In [1]:
import os
import numpy as np
import pandas as pd
import pyarrow.parquet as pq
import pyarrow as pa
import random
import string
from multiprocessing import Pool

# Define input parameters
tmpdir = '.'                    # Parent Directory to write/read data
size   = 1000000                # Length of global dataframe
npart  = 8                      # Number of dataframe partitions
nprocs = 8                      # Number of processes to use
path = tmpdir + '/test_dataset' # Parquet dataset directory

### Investigating parallel I/O with Pandas, Apache Arrow and Parquet

- Rick Zamora (original: 5/14/2019)

**Update 6/11/2019**: This document has been modified to reflect recent progress in metadata handling within `arrow.parquet` (e.g. [PR#4405](https://github.com/apache/arrow/pull/4405)).


This notebook includes a simple exploration of the pyarrow-parquet writer/reader interface. The general goal is to discover the requirements for efficient parallel processing of partitioned pandas datasets.

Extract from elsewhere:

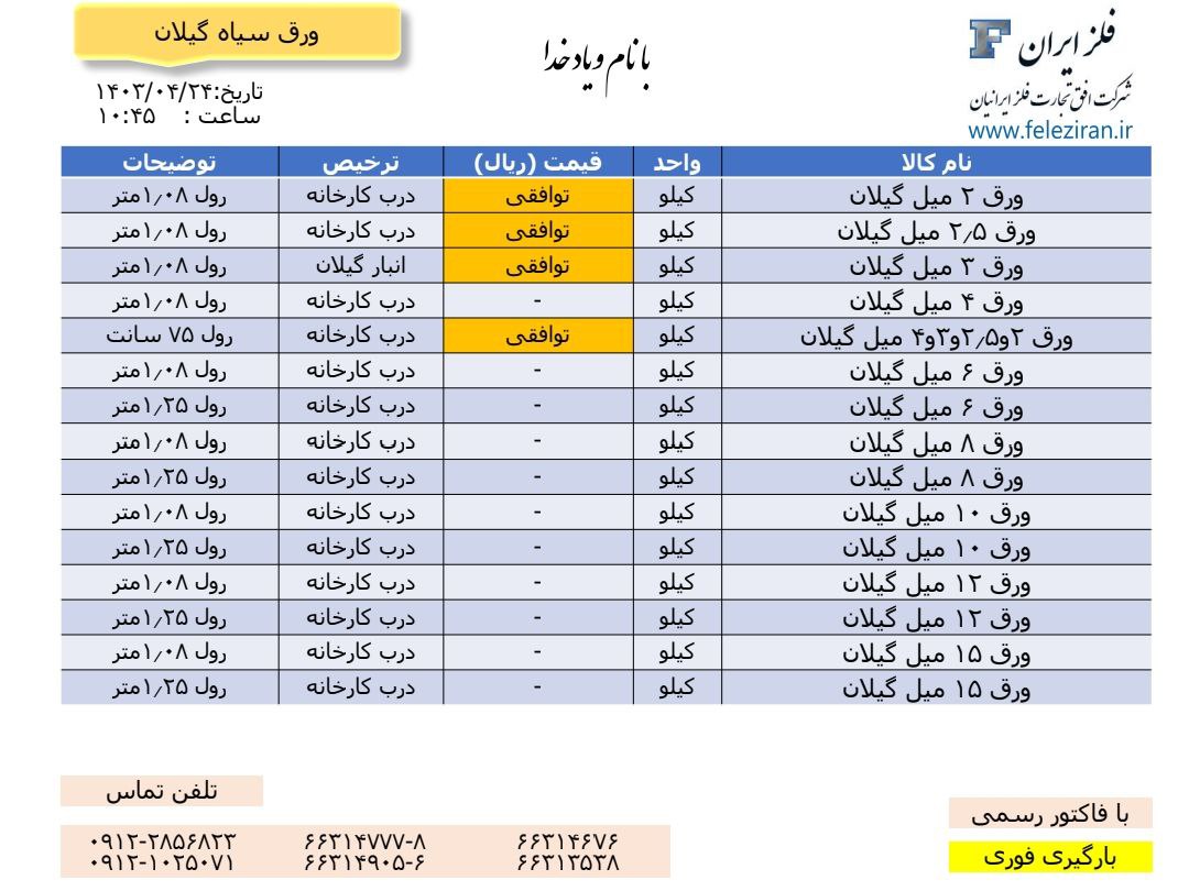 Web Site : www.feleziran.ir Ceo : m.abdinezhad tel: 021-66314777-8 66314676 66313538 66314905-6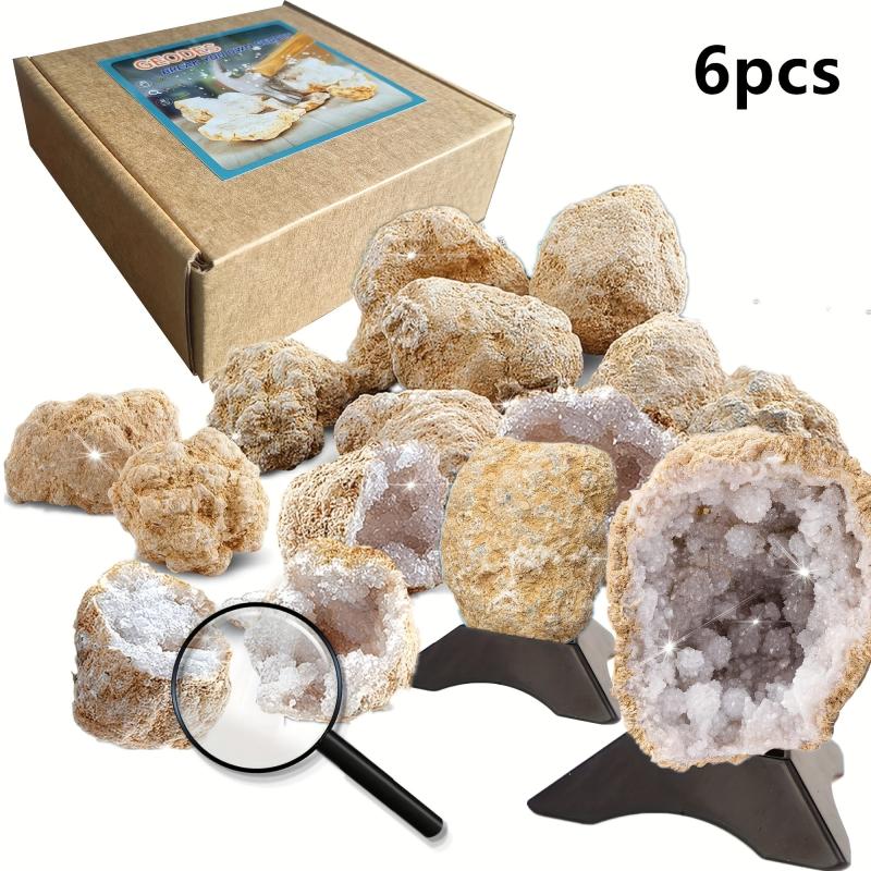 Explore the beauty of natural quartz geode specimens with this DIY kit that includes a magnifying glass and stand. Perfect for rock and crystal enthusiasts.

To begin this exploration, we generate a *large* global pandas dataframe, and partition it into `npart` pieces.

In [2]:
# Define the global dataframe
df = pd.DataFrame(
    {
    'a': [random.choice(['A', 'B', 'C', 'D']) for c in range(size)], 
    'b': np.arange(size),
    'c': [random.random() for c in range(size)], 
    }
)

# Break the global dataframe into partitions
lsize = size//npart
df_part = [ df.iloc[ x * (size//npart) : size if (x == npart-1) else (x * (size//npart) + size//npart) ] for x in range(npart) ]
df_part[npart-1].head()

Unnamed: 0,a,b,c
875000,B,875000,0.986055
875001,B,875001,0.633334
875002,B,875002,0.024982
875003,B,875003,0.609053
875004,A,875004,0.675325


Above, we are showing the `head()` of the last partition. In order to write each of these partions, we define the `write_partition` function, which returns a *metadata* object for each partition. Note that the metadata object is actually a dictionary, with `'meta'`, and `'schema'` keys.

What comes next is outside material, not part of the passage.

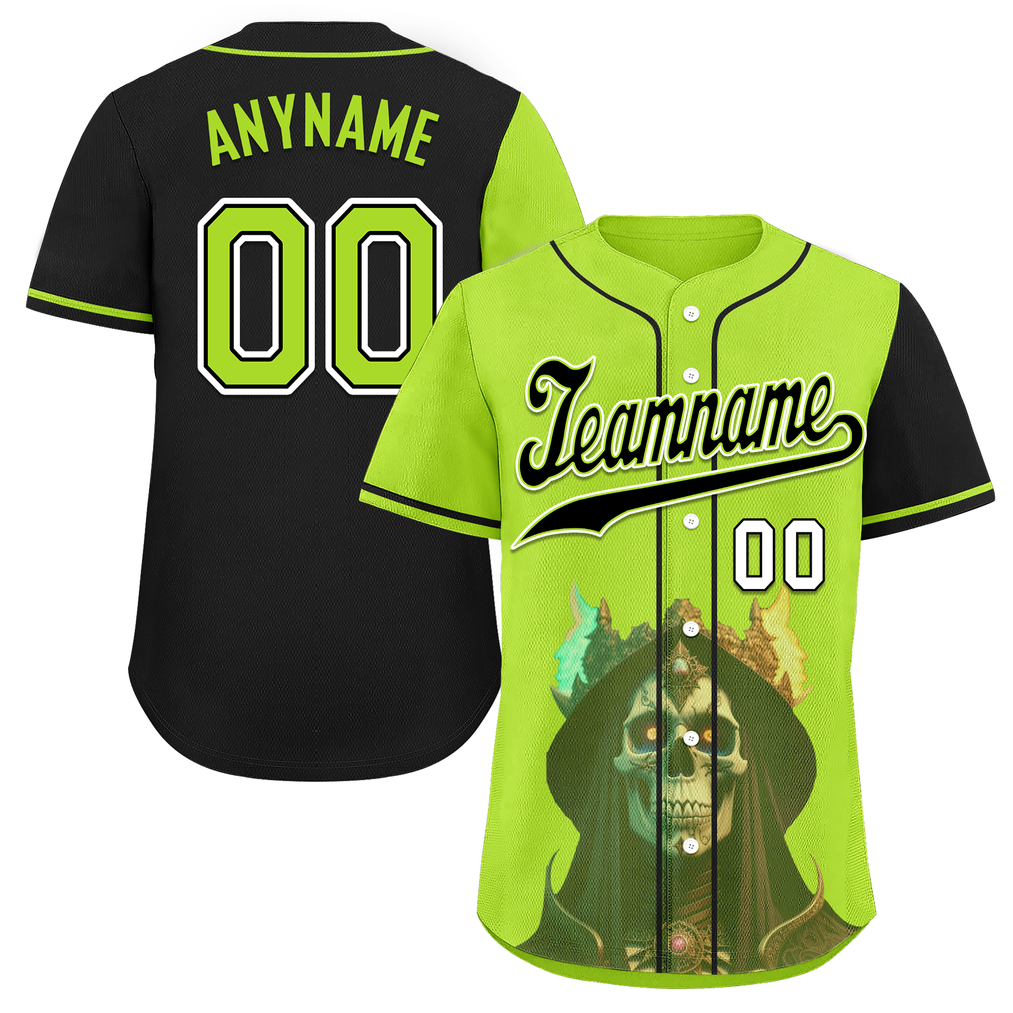 Custom Green Black Skull Fashion Personalized Authentic Baseball Jersey BSBJ01-D017153

In order to write each *partition* of the dataframe, we define a specialized `write_partition` function that takes in the partition (a dataframe), as well as the file name (file-system path). We will use the `write_table` function from `arrow.parquet` to perform the actual I/O opperation.  This funtion allows the user to pass in an empty list object using the `metadata_collector` keyword argument.  In the cell below, `metadata_list` will be populated with a parquet-metadata (`pyarrow._parquet.FileMetaData`) object for each dataset partition. After collecting this metadata object, we need to use the `set_file_path` method to correctly define the location of the **data** corresponding to this partition.

In [3]:
# Define `write_partition` funciton
def write_partition(df, i, ipath):
    filepath = ipath + "/part.%i.parquet" % i
    t = pa.Table.from_pandas(df)
    metadata_list = []
    with open(filepath, "wb") as fil:
        pq.write_table(
            t, 
            fil, 
            metadata_collector=metadata_list
        )
        # Set file path attribute in metadata:
        metadata_list[0].set_file_path("part.%i.parquet" % i)
    # Return metadata & schema
    return {'meta': metadata_list[0], 'schema': t.schema}

In order to write the pandas dataframe in parallel, we can use a simple `multiprocessing.Pool` approach.

In [4]:
# Write the datafram in parallel (to multiple parquet files)
def fwrite(args):
    i = args[0]
    part = args[1]
    ipath = args[2]
    filename = ipath + "/part.%i.parquet" % i
    meta = write_partition(part, i, ipath)
    return meta

fargs = [ [i, part, path] for i, part in enumerate(df_part) ]
os.system('rm -rf ' + path)
os.system('mkdir ' + path)
p = Pool(nprocs)
%time meta = p.map(fwrite, fargs)

# Check that there are multiple files
files = os.listdir(path)
files

CPU times: user 48 ms, sys: 12 ms, total: 60 ms
Wall time: 128 ms


['part.2.parquet',
 'part.6.parquet',
 'part.7.parquet',
 'part.4.parquet',
 'part.5.parquet',
 'part.3.parquet',
 'part.0.parquet',
 'part.1.parquet']

Here, we can see that each of the `npart` partitions is written as a separate file called `'part.<part>.parquet'` (where `part` is just an integer in this case). After collecting the file metadata (and schemas) from all partitions within the `meta` list, we can check that the `file_path` attribute is properly set for one of the partitions...

In [5]:
meta[0]['meta'].to_dict()

{'created_by': 'parquet-cpp version 1.5.1-SNAPSHOT',
 'num_columns': 3,
 'num_rows': 125000,
 'num_row_groups': 1,
 'row_groups': [{'num_columns': 3,
   'num_rows': 125000,
   'total_byte_size': 2063898,
   'columns': [{'file_offset': 31587,
     'file_path': 'part.0.parquet',
     'physical_type': 'BYTE_ARRAY',
     'num_values': 125000,
     'path_in_schema': 'a',
     'is_stats_set': True,
     'statistics': {'has_min_max': True,
      'min': b'A',
      'max': b'D',
      'null_count': 0,
      'distinct_count': 0,
      'num_values': 125000,
      'physical_type': 'BYTE_ARRAY'},
     'compression': 'SNAPPY',
     'encodings': ('PLAIN_DICTIONARY', 'PLAIN', 'RLE'),
     'has_dictionary_page': True,
     'dictionary_page_offset': 4,
     'data_page_offset': 40,
     'total_compressed_size': 31583,
     'total_uncompressed_size': 31575},
    {'file_offset': 797909,
     'file_path': 'part.0.parquet',
     'physical_type': 'INT64',
     'num_values': 125000,
     'path_in_schema': 'b',

Since we are collecting the metadata/schema information for each of the partitions that is written, we can write the metadata and schema information to specialized files called `_metadata` and `_common_metadata`, respectively.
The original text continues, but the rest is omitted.